The majority (86%) of international senior oil & gas executives and lawyers expect cancelled contracts to be the main cause of disputes this year, according to research by global law firm Clyde & Co.

Clyde & Co says that current attitudes to litigation and arbitration in the oil and gas industry have changed significantly over the past 12 to 18 months.

As a result of the financial pressures faced by the industry, companies are far more bullish than they used to be. Consequently there is significantly more contentious correspondence between parties, some of which ultimately leads to the commencement of legal proceedings.

Clyde & Co explains that some of the most common flash points for disputes include termination of contracts (purportedly for cause but in fact for convenience), non-payment of invoices, declarations of force majeure and JV/PSA disputes.

David Leckie, International Arbitration Partner at Clyde & Co, says: "During this financial downturn oil & gas disputes are inevitably on the rise. We've seen an increase in contentious correspondence between parties and a far more bullish approach than in previous years."

"Clearly, any decision to commence proceedings must be carefully risk assessed. The direct costs of litigation and arbitration are significant, not to mention the hidden costs of extensive management time and reputational risks."

"The stakes are high, especially if the dispute is under English law, where the loser will almost always be ordered to pay most of the winner's legal costs."

"Businesses are often faced with the stark choice of having to write the amount in issue off, pay the sum demanded or litigate/arbitrate. In many situations, the only way forward is to commence proceedings and then seek to resolve the dispute by way of alternative dispute resolution, such as mediation."

Clyde & Co says that the most important issue to consider before commencing any proceedings is whether any judgment can be enforced. In international disputes, this is a very complex issue which needs to be addressed at the outset, to avoid pouring good money after bad. 

"There is nothing worse than a Pyrrhic victory," adds Leckie.

Changes to operational arrangements as a result of cost-cutting, the shelving of planned projects and lack of investment in existing operations, could all have a major impact on relationships across the supply chain.

David Leckie comments: "The oil & gas supply chain is built on an intricate network of inter-related supply agreements, JV partnerships and contractor relationships. If one business is unable to meet its contractual obligations it may have a knock on effect on another business's contractual obligations, potentially leading to a domino effect of disputes."

Clyde & Co's research shows that JV partners, contractors or suppliers becoming insolvent or unable to fulfil their contractual obligations is also a key concern for the industry.

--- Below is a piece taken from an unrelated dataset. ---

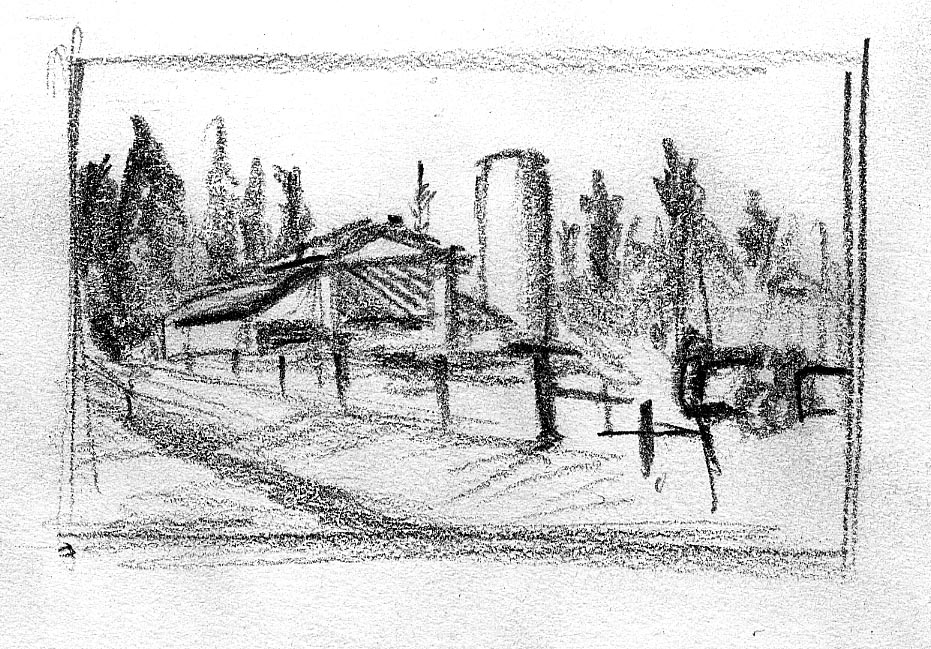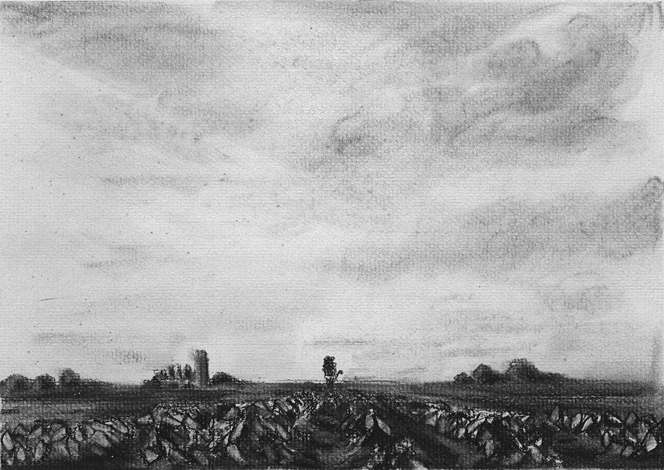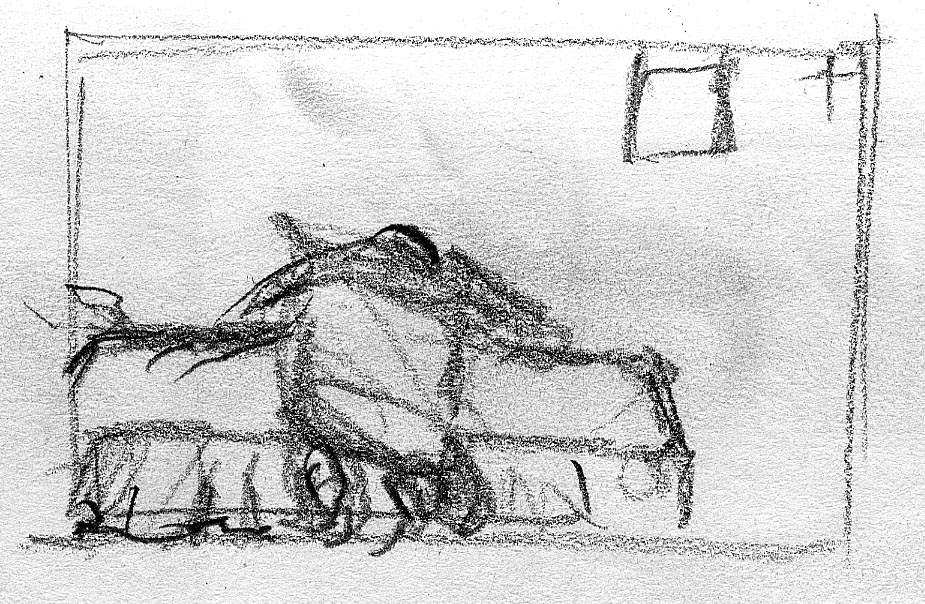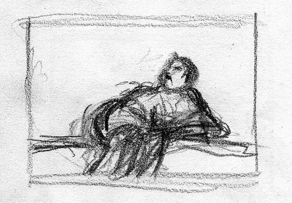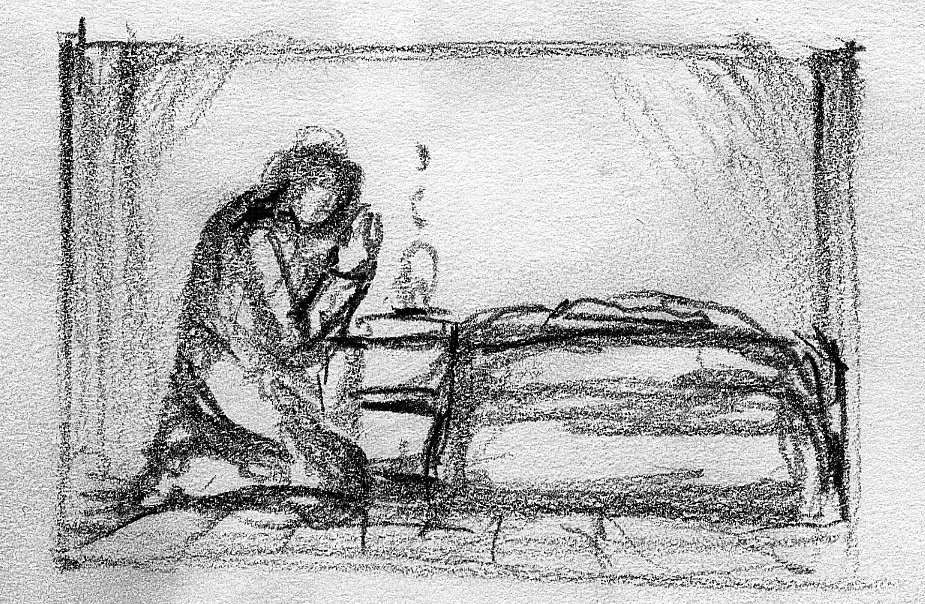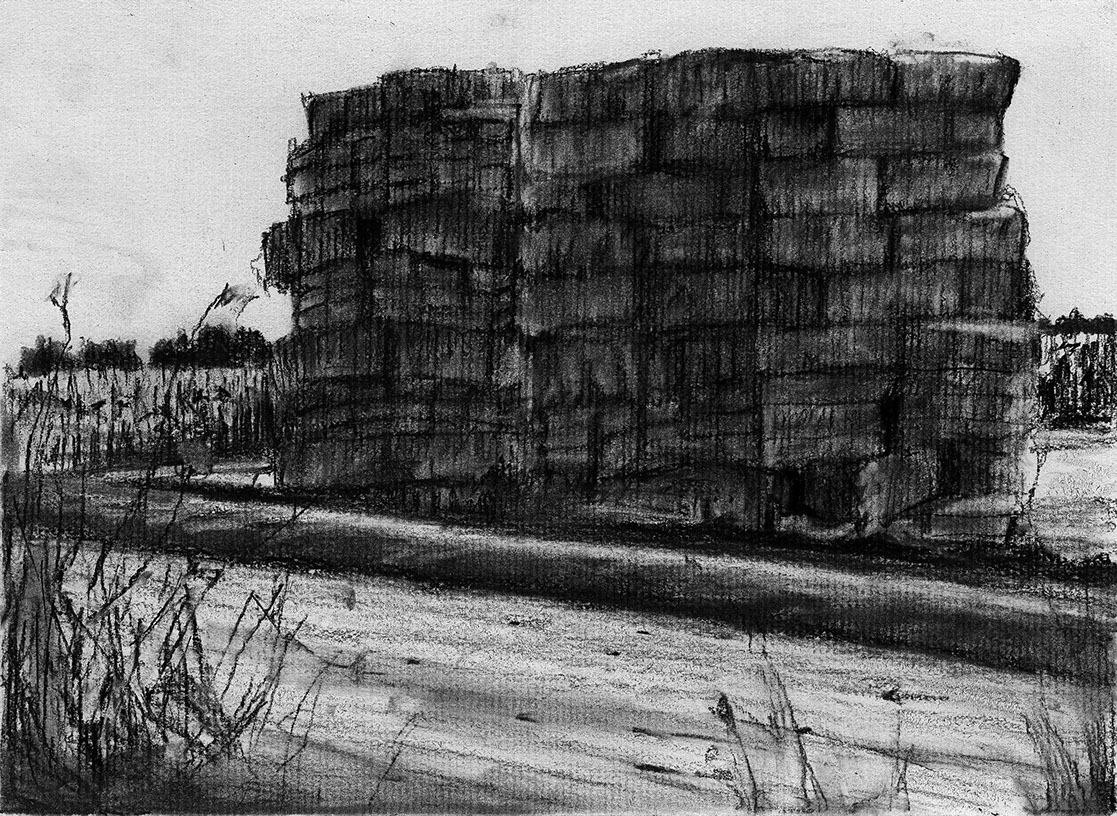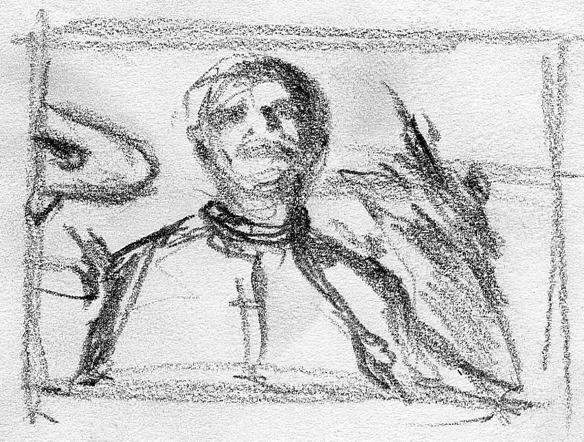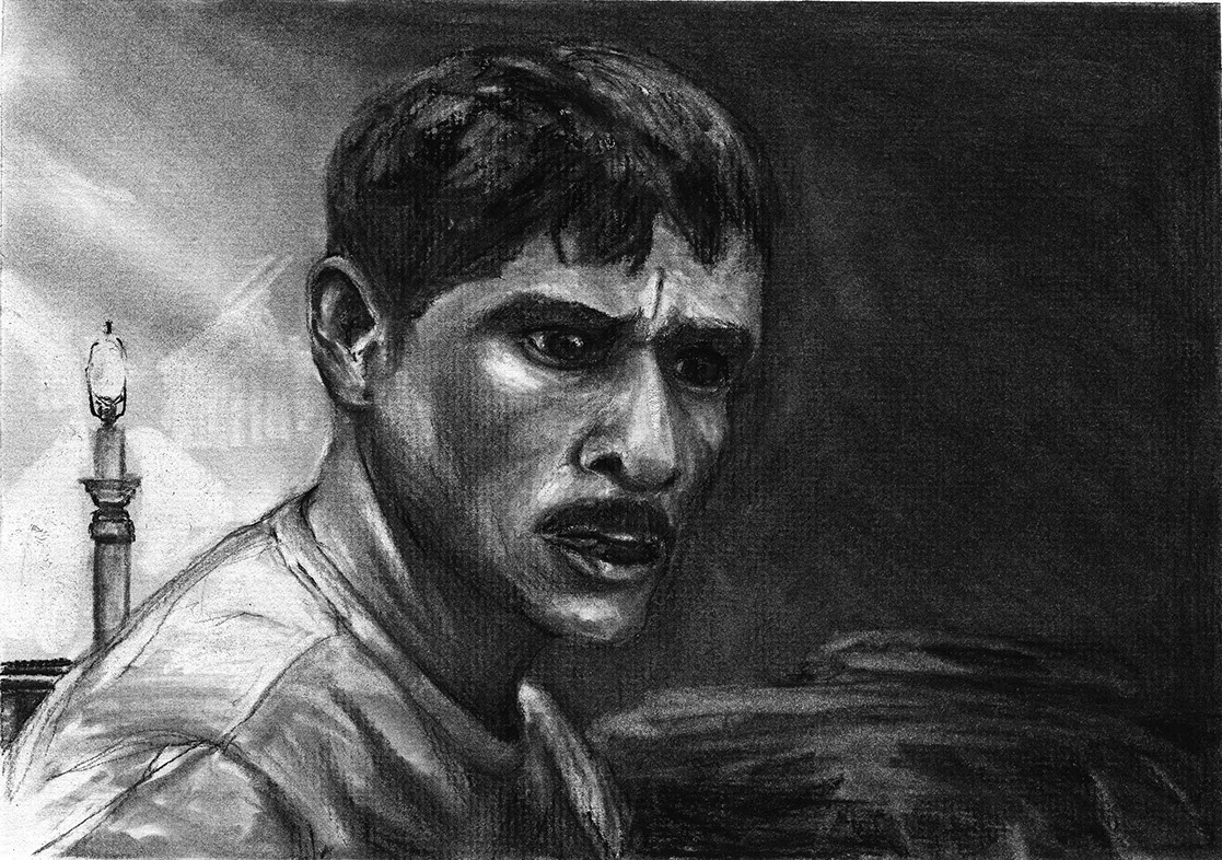 The short film, Esperando, features 25 charcoal drawings strung together, overlapped, and repeated to tell the story of a solitary field worker as he awaits news from a family member attempting to cross the border. The image of the dead migrants in the abandoned tractor-trailer may be a memory, a dream, or a premonition. Whatever it is, the pain or doubt, the torture of esperando – waiting/hoping – inspires an image of his own death, hanging himself by the rafter of an abandoned barn, the idea of which brings the religious man to his knees begging forgiveness.

Four fifths (81%) of international senior oil and gas executives expect this to lead to increased dispute activity.

"A counterparty insolvency can cause real problems for businesses as it makes it much harder to get your money or assets back," says David Leckie.

"In this challenging and fast-changing environment, managing supplier and contractor relationships positively and pro-actively is vital."

How is the oil & gas industry managing its contractors and suppliers?

According to Clyde & Co, just a third of international senior oil & gas executives are already renegotiating contracts with suppliers and contractors.

A fifth (21%) appear to be positioning themselves for a similar move by pre-emptively reviewing contractual obligations and performance.

The research found that 42% of international senior oil & gas executives are taking a "wait and see" approach to supplier and contractor management, saying they are closely monitoring supply chain activities to ensure they are aware of stress points. 

David Leckie, comments: "It's surprising that such a large proportion of the industry is taking the potentially risky 'wait and see' approach to supply chain management. Taking a proactive stance is key to being on the front foot with supplier and contractor disputes."

"Businesses that are unable to renegotiate contracts should consider the choice of law and dispute resolution clauses and escalate the dispute resolution process sooner rather than later."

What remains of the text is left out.